DATA:
○ ○ ○
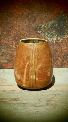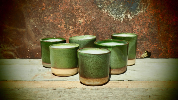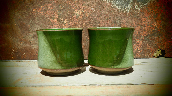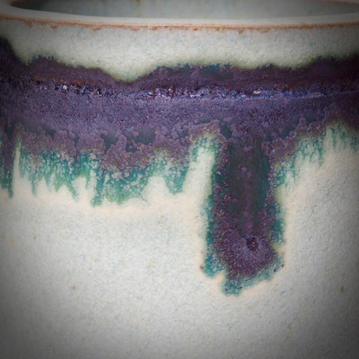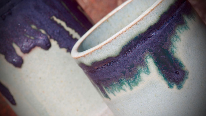 Surprise à l’ouverture du four le 7… Mon émail au cuivre et à la cendre de vigne, d’ordinaire vert pâle, est aussi rouge, lie de vin par endroits.
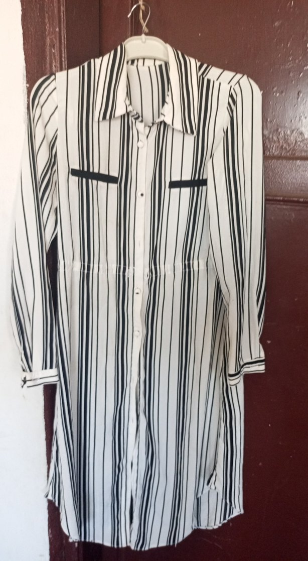 Uzun kollu, yakalı ve regular fit kadın gömlek elbisesi. Beyaz ve gri tonlarda çizgili, pilili detaylara sahip yumuşak sentetik kumaştan yapılmıştır.
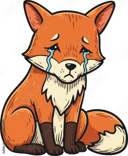 © OKAN, Obraz premium Sad crying fox sitting with tears on white background vector illustration in cute cartoon style
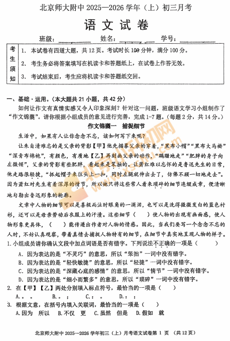 2025北京北师大附中初三10月月考语文试卷及答案已发布,点击本文可查看、下载完整版试卷及答案。2025北京北师大附中初三10月月考语文试卷及答案发布,北京小升初网分享,供大家可下载查看!各区初中校月考试卷可点击下方↓图片,打包下载。
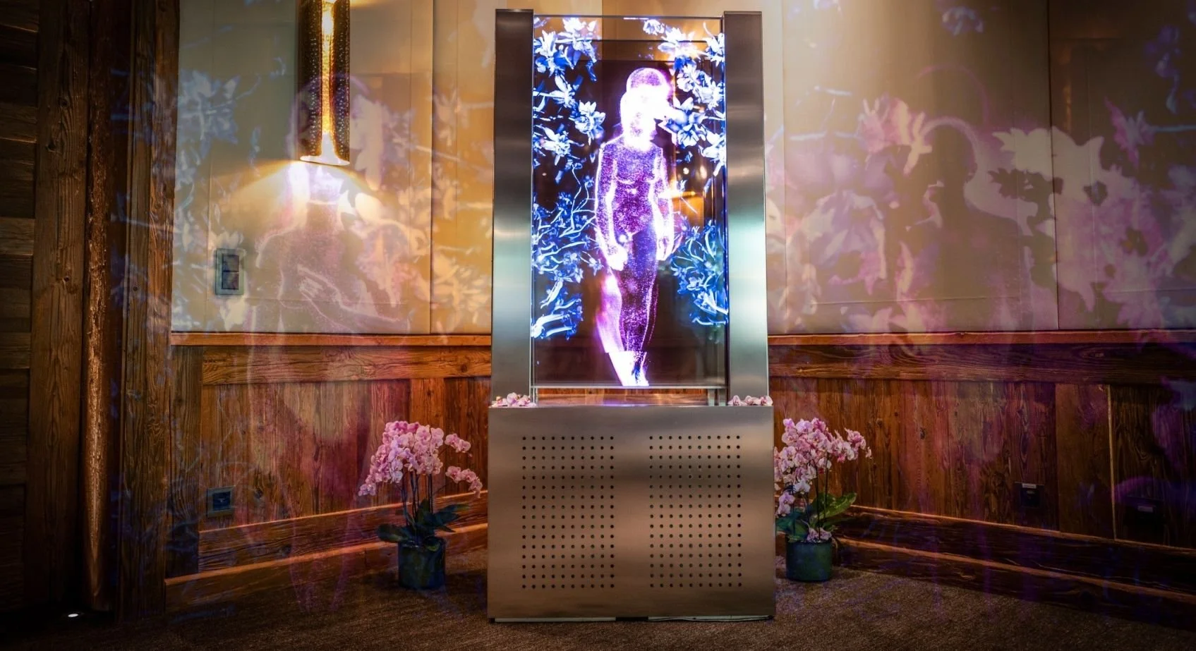 Interactive speech-driven locally deployed custom AI sculpture with Transparent LED Screens and steel. Live dialogue in an immersive sonic environment with real-time visual response and Python-coded voice model and silver talking stick.
○ ○ ○
REQUIREMENT: The copy has to start at the line that contains "Uzun kollu, yakalı" and end at the last line of the material above, matching the original exactly and holding no pictures.

SOLUTION TO THIS TASK:
 Uzun kollu, yakalı ve regular fit kadın gömlek elbisesi. Beyaz ve gri tonlarda çizgili, pilili detaylara sahip yumuşak sentetik kumaştan yapılmıştır.
 © OKAN, Obraz premium Sad crying fox sitting with tears on white background vector illustration in cute cartoon style
 2025北京北师大附中初三10月月考语文试卷及答案已发布,点击本文可查看、下载完整版试卷及答案。2025北京北师大附中初三10月月考语文试卷及答案发布,北京小升初网分享,供大家可下载查看!各区初中校月考试卷可点击下方↓图片,打包下载。
 Interactive speech-driven locally deployed custom AI sculpture with Transparent LED Screens and steel. Live dialogue in an immersive sonic environment with real-time visual response and Python-coded voice model and silver talking stick.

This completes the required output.